------ DATA BELOW

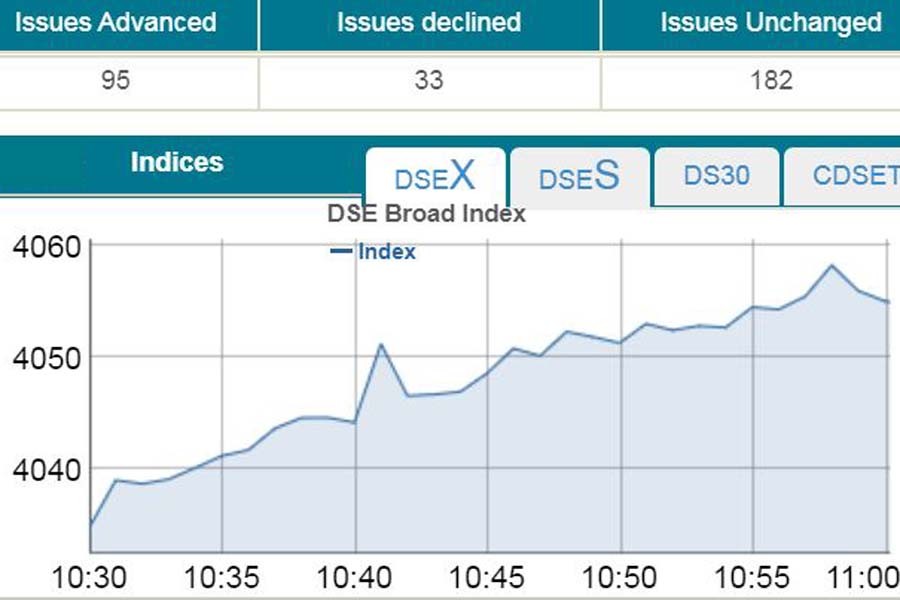 DSEX, the prime index of the DSE, went up by 22.50 points or 0.55 per cent to stand 4,057 points at 11:00 am.
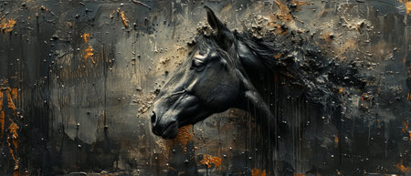 Abstract painting, metal elements, texture background, horses, animals, etc.
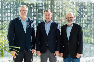 El presidente de Mango, Toni Ruiz; el director general del Comité español de Acnur, Francesco Sciacca, y el director de Alianza del Sector Privado de Acnur, Jorge Olague. - MANGO
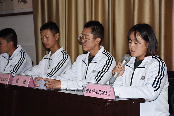 “庭審”中,“審判長(zhǎng)”有條不紊、鎮(zhèn)定自若地主持“庭審”,“原、被告”雙方及“法定代理人”舉證、質(zhì)證、激烈辯論,控辯雙方剖析法理,思維敏捷、邏輯嚴(yán)謹(jǐn),“法警”一絲不茍地執(zhí)法。通過(guò)庭前準(zhǔn)備、法庭調(diào)查、法庭辯論、合議庭審議到當(dāng)庭宣判,全程模擬了案件審理過(guò)程。150余名師生旁聽(tīng)觀摩,對(duì)整個(gè)審判流程有了更直觀、更真切、更生動(dòng)的認(rèn)識(shí)。嚴(yán)肅莊重、環(huán)環(huán)相扣的審理過(guò)程,讓大家零距離感受到了法律的威嚴(yán),也潛移默化地在心底埋下了一顆法治的種子。

------------

WORK INSTRUCTION →
With the images removed, reproduce all the material above word for word.

TASK OUTPUT →
 DSEX, the prime index of the DSE, went up by 22.50 points or 0.55 per cent to stand 4,057 points at 11:00 am.
 Abstract painting, metal elements, texture background, horses, animals, etc.
 El presidente de Mango, Toni Ruiz; el director general del Comité español de Acnur, Francesco Sciacca, y el director de Alianza del Sector Privado de Acnur, Jorge Olague. - MANGO
 “庭審”中,“審判長(zhǎng)”有條不紊、鎮(zhèn)定自若地主持“庭審”,“原、被告”雙方及“法定代理人”舉證、質(zhì)證、激烈辯論,控辯雙方剖析法理,思維敏捷、邏輯嚴(yán)謹(jǐn),“法警”一絲不茍地執(zhí)法。通過(guò)庭前準(zhǔn)備、法庭調(diào)查、法庭辯論、合議庭審議到當(dāng)庭宣判,全程模擬了案件審理過(guò)程。150余名師生旁聽(tīng)觀摩,對(duì)整個(gè)審判流程有了更直觀、更真切、更生動(dòng)的認(rèn)識(shí)。嚴(yán)肅莊重、環(huán)環(huán)相扣的審理過(guò)程,讓大家零距離感受到了法律的威嚴(yán),也潛移默化地在心底埋下了一顆法治的種子。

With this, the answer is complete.